André schluckte, sein Adamsapfel bewegte sich. Er glaubte ihr von Herzen, denn Oscar gehörte zu den ehrlichsten Menschen und verabscheute Lügen. Dennoch kreisten ihm Fragen durch den Kopf, auf die er gerne eine Antwort gewusst hätte. Und wer konnte ihm am besten die Antwort darauf geben, wenn nicht Oscar selbst? „Warum bist du dann gestern vor ihm weggelaufen, als er dich entlarvt hatte? Wieso hast du dann das Garderegiment verlassen, wenn nicht seinetwegen? Und warum willst du mich nicht mehr an deiner Seite haben?“

 

„Ach, André...“ Oscars Mundwinkel zogen sich leicht nach oben. Ihre Finger strichen ganz sachte von seinem kantigen Kinn aus an der Wange, schlüpften unter sein Haar und strichen ihm die bis zu den Wangenknochen langen Haarsträhnen von seinem erblindeten Auge. „Ich habe das nicht seinetwegen, sondern deinetwegen getan...“

 

„Ich verstehe nicht, Oscar...“ André wagte sich nicht zu rühren. Er war leicht verwirrt und suchte nach Antworten in Oscars so liebreizendem Gesicht.

 

„Ich habe mein Dienst quittiert, um mehr mit dir zusammen zu sein, um mein Leben nur mit dir zu führen.“, klärte ihn Oscar im milden Tonfall auf und berührte feinfühlig die schmale Narbe unter seinem Auge. „Und ich habe dich aus meinen Diensten entlassen, weil ich möchte, dass du als mein Mann an meiner Seite bist...“

 

„Oscar!“ André bekam ein schlechtes Gewissen und schämte sich. „Es tut mir leid...“

 

„Schon gut.“ Oscar dämpfte nun die Reste von ihrem aufgewühlten Gemüt, schob ihm ihre Hände um seinen Nacken und drückte sich an ihm. „André, halte mich fest... Ich will nur mit dir mein Leben verbringen... das schwöre ich...“

 

„Ach, Oscar... meine geliebte Oscar...“ André schloss sie in seinen Armen. Es tat gut zu wissen, dass zwischen ihnen wieder alles in Ordnung war. Sein Herz schmolz dabei wie der Schnee bei den ersten Sonnenstrahlen im Frühling. Ihr Körper drückte sich noch fester an ihn und da spürte er die kleine Bauchwölbung unter ihrem Hemd. Gleich darauf erinnerte er sich an seine Beobachtungen, die er gestern zwischen Oscar und Rosalie unterschwellig durchgezogen hatte.
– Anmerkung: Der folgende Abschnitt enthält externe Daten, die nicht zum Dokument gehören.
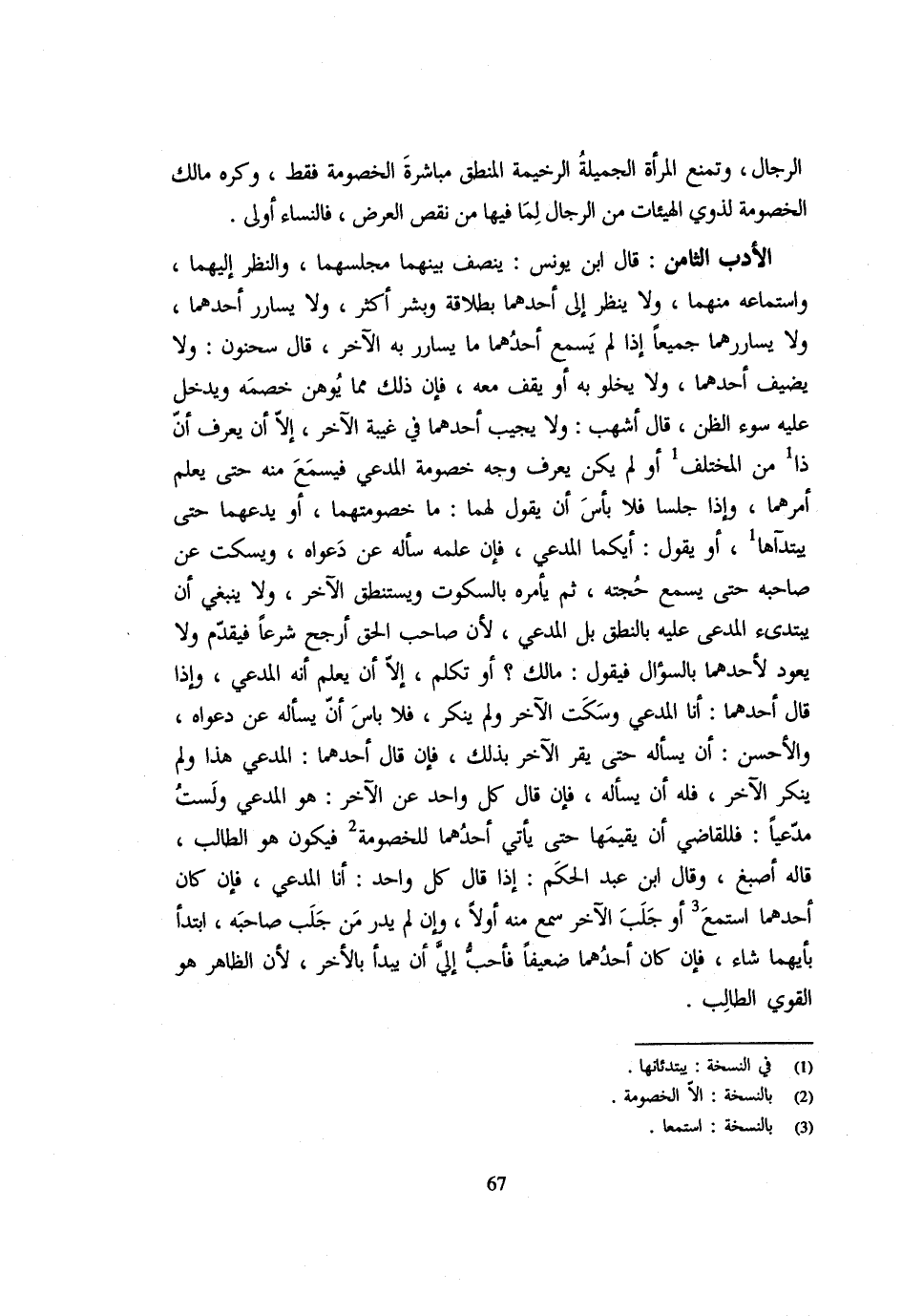 الرِّجَالِ وَتُمْنَعُ الْمَرْأَةُ الْجَمِيلَةُ الرَّخِيمَةُ الْمَنْطِقِ مُبَاشَرَةَ الْخُصُومَةِ فَقَطْ وَكَرِهَ مَالِكٌ الْخُصُومَةَ لِذَوِي الْهَيْئَاتِ مِنَ الرِّجَالِ لِمَا فِيهَا مِنْ نَقْصِ الْعِرْضِ فالنساء أولى الْأَدَبُ الثَّامِنُ قَالَ ابْنُ يُونُسَ يُنْصِفُ بَيْنَهُمَا مَجْلِسَهُمَا وَالنَّظَرَ إِلَيْهِمَا وَاسْتِمَاعَهُ مِنْهُمَا وَلَا يَنْظُرُ إِلَى أَحَدِهِمَا بِطَلَاقَةٍ وَبِشْرٍ أَكْثَرَ وَلَا يُسَارِرُ أَحَدَهُمَا وَلَا يُسَارِرُهُمَا جَمِيعًا إِذَا لَمْ يَسْمَعْ أَحَدُهُمَا مَا يُسَارِرُ بِهِ الْآخَرَ قَالَ سَحْنُونٌ وَلَا يُضَيِّفُ أَحَدَهُمَا وَلَا يَخْلُو بِهِ أَوْ يَقِفُ مَعَهُ فَإِنَّ ذَلِكَ مِمَّا يُوهِنُ خَصْمَهُ وَيُدْخِلُ عَلَيْهِ سُوءَ الظَّنِّ قَالَ أَشْهَبُ وَلَا يُجِيبُ أَحَدَهُمَا فِي غَيْبَةِ الْآخَرِ إِلَّا أَنْ يَعْرِفَ أَنَّ ذَا مِنَ الْمُخْتَلِفِ أَوْ لَمْ يَكُنْ يَعْرِفُ وَجْهَ خُصُومَةِ الْمُدَّعِي فَيَسْمَعَ مِنْهُ حَتَّى يَعْلَمَ أَمْرَهُمَا وَإِذَا جَلَسَا فَلَا بَأْسَ أَنْ يَقُولَ لَهُمَا مَا خُصُومَتُهُمَا أَوْ يَدَعَهُمَا حَتَّى يَبْتَدِآهَا أَوْ يَقُولَ أَيُّكُمَا الْمُدَّعِي فَإِنْ عَلِمَهُ سَأَلَهُ عَنْ دَعْوَاهُ وَيَسْكُتُ عَنْ صَاحِبِهِ حَتَّى يَسْمَعَ حُجَّتَهُ ثُمَّ يَأْمُرُهُ بِالسُّكُوتِ وَيَسْتَنْطِقُ الْآخَرَ وَلَا يَنْبَغِي أَنْ يَبْتَدِئَ الْمُدَّعَى عَلَيْهِ بِالنُّطْقِ بَلِ الْمُدَّعِي لِأَنَّ صَاحِبَ الْحَقِّ أَرْجَحُ شَرْعًا فَيُقَدَّمُ وَلَا يَعُودُ لِأَحَدِهِمَا بِالسُّؤَالِ فَيَقُولُ مَالك أَوْ تَكَلَّمْ إِلَّا أَنْ يَعْلَمَ أَنَّهُ الْمُدَّعِي وَإِذَا قَالَ أَحَدُهُمَا أَنَا الْمُدَّعِي وَسَكَتَ الْآخَرُ وَلَمْ يُنْكِرْ فَلَا بَأْسَ أَنْ يَسْأَلَهُ عَنْ دَعْوَاهُ وَالْأَحْسَنُ أَنْ يَسْأَلَهُ حَتَّى يُقِرَّ الْآخَرُ بِذَلِكَ فَإِنْ قَالَ أَحَدُهُمَا الْمُدَّعِي هَذَا وَلَمْ يُنْكِرِ الْآخَرُ فَلَهُ أَنْ يَسْأَلَهُ فَإِنْ قَالَ كُلُّ وَاحِدٍ عَنِ الْآخَرِ هُوَ الْمُدَّعِي وَلَسْتُ مَدَّعِيًا فَلِلْقَاضِي أَنْ يُقِيمَهَا حَتَّى يَأْتِيَ أَحَدُهُمَا لِلْخُصُومَةِ فَيَكُونَ هُوَ الطَّالِبَ قَالَهُ أَصْبَغُ وَقَالَ ابْنُ عَبْدِ الْحَكَمِ إِذَا قَالَ كُلُّ وَاحِدٍ أَنَا الْمُدَّعِي فَإِنْ كَانَ أَحَدُهُمَا اسْتَمَعَ أَوْ جَلَبَ الْآخَرَ سَمِعَ مِنْهُ أَوَّلًا وَإِنْ لَمْ يَدْرِ مَنْ جَلَبَ صَاحِبَهُ ابْتَدَأَ بِأَيِّهِمَا شَاءَ فَإِنْ كَانَ أَحَدُهُمَا ضَعِيفًا فَأَحَبُّ إِلَيَّ أَنْ يَبْدَأَ بِالْآخَرِ لِأَنَّ الظَّاهِرَ هُوَ الْقَوِيُّ الطَّالِبُ

Seine Hand steuerte gleich daraufhin auf die fest angespannte Erhebung zu und betastete sie vorsichtig. „Seit wann hast du ein Bauch, Oscar?“

 

„Seit ein paar Wochen“, kokettierte diese und hob ihren Blick. „Stört dich das etwa?“

 

„Nein, keineswegs.“ André lächelte etwas und legte ihr seine Hand auf die Wange. Er erzählte ihr von seinen Beobachtungen und Vergleichen.

 

Oscar hätte beinahe aufgelacht. So etwas würde bei ihr doch gar nicht gehen und wenn doch, dann hätte sie das schon längst bemerkt! Aber solange es keine zutreffenden Anzeichen dazu gab, gab es keinen Grund zur Sorge. „André, ich fühle mich bestens, sei versichert. Das was Rosalie hat, trifft auf mich ganz und gar nicht zu. Ich denke, bei mir kommt es wirklich davon, weil ich in letzter Zeit mehr Appetit auf leckere Sachen habe, die deine Großmutter immer macht und ich deshalb nicht widerstehen kann. Oder schlicht, ich kann es ihr nicht abschlagen, weil sie immer alles mit so viel Mühe und Liebe zubereitet.“

 

„Du hast sicherlich recht...“ André verlor sich buchstäblich in ihren himmelblauen Augen und glaubte darin wie ein Schiffsbrüchiger zu versinken. „Ich würde dich jetzt so gerne küssen...“

 

„Dann mach es... aber nur kurz, bevor uns jemand entdeckt...“, flüsterte Oscar und reckte selbst schon ihren Hals zu ihm empor. André ließ sich das nicht zwei Mal sagen, senkte seinen Mund über ihre weichen Lippen und küsste sie sanft.